FMP: It’s not primarily poverty. Poor people are very innovative, very ingenious. So if you think about it, if there weren’t a social norm or an underlying value, you wouldn’t think of selling your child, right? You’d look to other solutions. There must be a set of underlying issues. Why not sell the boy, why choose that girl? You see, that’s the question! Why? It’s that value placed on girls. And until that value has shifted…
FG: I remember, years ago, I was talking to women from India who were telling me that girls were getting forced into marriage even in rich families. That’s when it clicked for me. All right. If rich families also marry off their daughters, it’s about something else!
I mean, there’s this knotty issue of sexuality, right? Controlling young girls’ sexuality. Because the need to control girls, to try to ensure that they are married while they’re still virgins has been, as you say, one of the unspoken causes of child marriage. And yet I remember ten years ago, we were discussing this and there were some who didn’t want to talk about issues of sexuality, because it would cause a backlash.
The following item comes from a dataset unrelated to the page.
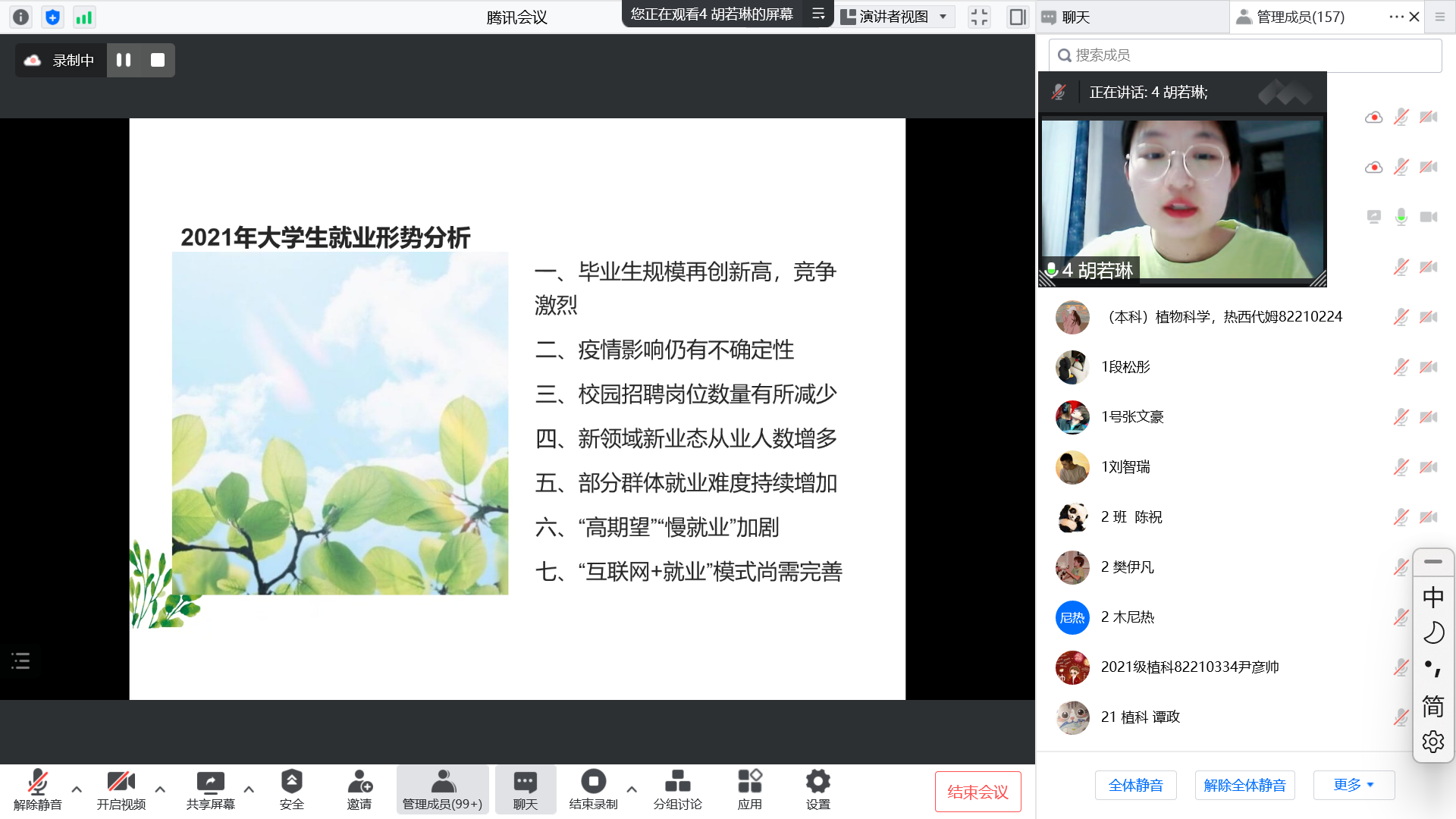 赛后,高梦玉作总结发言。高梦玉首先对各组在资料收集、成果展示、小组协作等方面表示高度认可和赞扬,各组PPT制作风格不一,但都较为精美,小组成员在资料的查找上也做到了方向全面、内容优质。其次,高梦玉对本学期大学生职业发展与就业创业指导课程情况进行了总结,强调了大一年级开设职业规划课程的意义,希望同学们能够结合国家农业的发展情况及农学学科的特点,关注国家大事,紧跟时代变化,做好自身职业规划;建议同学们从现在开始要有意识的规划自己以后的道路和人生,向着既定的目标努力。

Let’s talk about girls’ education, keeping girls in school instead. But we thought, unless we highlight the fact that the gender norms are really about controlling sexuality, we’re going to miss the boat in terms of solutions. What did you think about that?
FMP: I agree. I think that is too serious an issue not to talk about it. Girls Not Brides joined the Child, Early and Forced Marriage and Unions Sexuality Working Group to compile and publish a report called Tackling the Taboo [Tackling the Taboo: Sexuality and gender-transformative programs to end child, early and forced marriage and unions], with case studies from Kenya, Nigeria and India. We partnered with groups that are at the forefront of work on sexuality to produce this report, and launched it in Nairobi in 2019 at the International Conference on Population and Development+25 meeting. I remember feeling a bit nervous because there were groups which, as you say, did not want to talk about sexuality in the context of child marriage. Meanwhile, the report was saying that we need to make sure that comprehensive sexuality education is included in schools, we need to make sure girls have information and power over their own sexuality, and we need to put girls at the heart of that conversation. Girls are controlled because they don’t have information. Let’s ensure they can access the information they need, rather than covering our eyes and thinking, oh my God! The Tackling the Taboo Report started opening up some of these conversations. It’s not an easy conversation. People get uneasy about it, but we have to talk about it.
FG: In which countries or regions is the problem of child, early and forced marriage the most acute?
FMP: 29 of the countries with the highest rates are in Africa. Countries like Niger, Mali, Burkina Faso and Nigeria have a high percentage of child marriages. But when you look at absolute numbers, India has the most child marriages. But the beauty of India is that we have seen consistent declines in child marriage there [from 54% in 1992/1993 to 27% in 2016]. We have also started to see declines in Ethiopia. But some of the circumstances we are facing right now—COVID, climate change, war, the cost of living—are reversing some of these statistics because it’s rendering girls and families more vulnerable.
FG: What are you seeing are the impacts on girls themselves of getting married at 13, 14?
FMP: I put myself in that place and I think, where was I at 18? You know, what would I have liked to do? I don’t think that, for most girls, marriage is what comes to their mind. Every girl has a dream. So we cut those dreams short. Schooling is stopped. You are in the prime of your life with a lot of hope at 18 or even at 10 or 12, depending on what age you marry because some marry very early. You deny a child economic opportunities. The other challenge we see is health. You know, girls get pregnant so early. We have seen a lot of fistulas [severe tearing of the vagina and rectum as a result of prolonged labor, resulting in constant leaking of urine and feces]. One of the largest fistula hospitals in the world is in Burkina Faso. And it’s all linked to these early marriages. And there are also high maternal mortality rates.
We see that cycle of poverty continue. If you are a poor mother, your children will be poor, and then you perpetuate that cycle of poverty. There is also a lot of psychosocial trauma in girls. I’m not saying that this is what happens to every one of them every time, but for some of them marriage is being raped every day as a child. It’s a terrible experience for young girls.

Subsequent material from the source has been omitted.